Ses parents, qui étaient de gros marchands de Normandie, en avaient fait d’abord un auditeur au Conseil d’État, ce qui lui avait permis de se pousser dans les salons de la finance et à la cour de Louis-Philippe. Il n’en demandait pas davantage. Ses instincts, plutôt que ses goûts, l’éloignaient de l’aristocratie, dont il croyait le rôle presque terminé. Après être resté au Conseil juste le temps nécessaire pour apprendre à marcher et à s’asseoir, il prit sa volée à travers l’Europe et courut les ambassades. Grâce à de hautes protections et surtout à maintes importunités électorales, il obtint du gouvernement quelques menues missions - ou commissions - qui lui entrouvrirent la porte des cabinets diplomatiques.

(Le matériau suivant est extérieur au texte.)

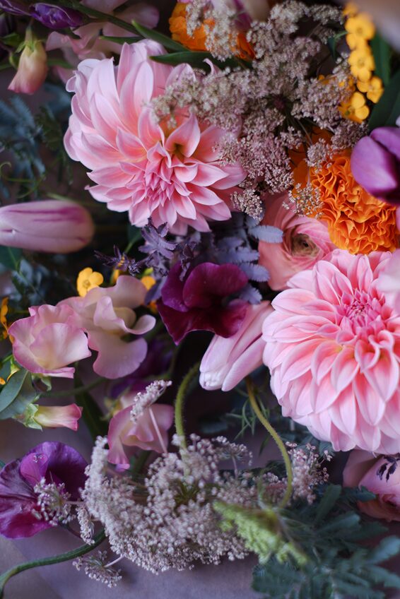 Diary今日はもうひとつ、ダリア「ピーチロゼ」を入れた花束を

À cette époque, l’opinion du monde sur Philippe Beyle pouvait se résumer par ce mot des gens qui clignent de l’œil :

— Oh ! celui-là n’est pas embarrassé de faire son chemin.

Dans ses vagabondages, il avait en effet conquis une brutale mais réelle expérience des hommes et des faits. Quant aux femmes, il avait le don de les asservir après les avoir fascinées. Ce n’était pas que, comme tout le monde, Philippe n’eût aimé, n’eût souffert, n’eût maudit ; il était trop intelligent pour n’avoir pas été victime avant de devenir bourreau ; mais il avait l’habitude de dire que son noviciat était terminé. D’ailleurs, il approchait de l’âge où, selon un philosophe du dix-huitième siècle, qui, de la vie la plus enivrante a tiré les enseignements le plus amers, il faut que le cœur se brise ou se bronze. Philippe Beyle sentait chaque jour que son cœur allait se bronzer.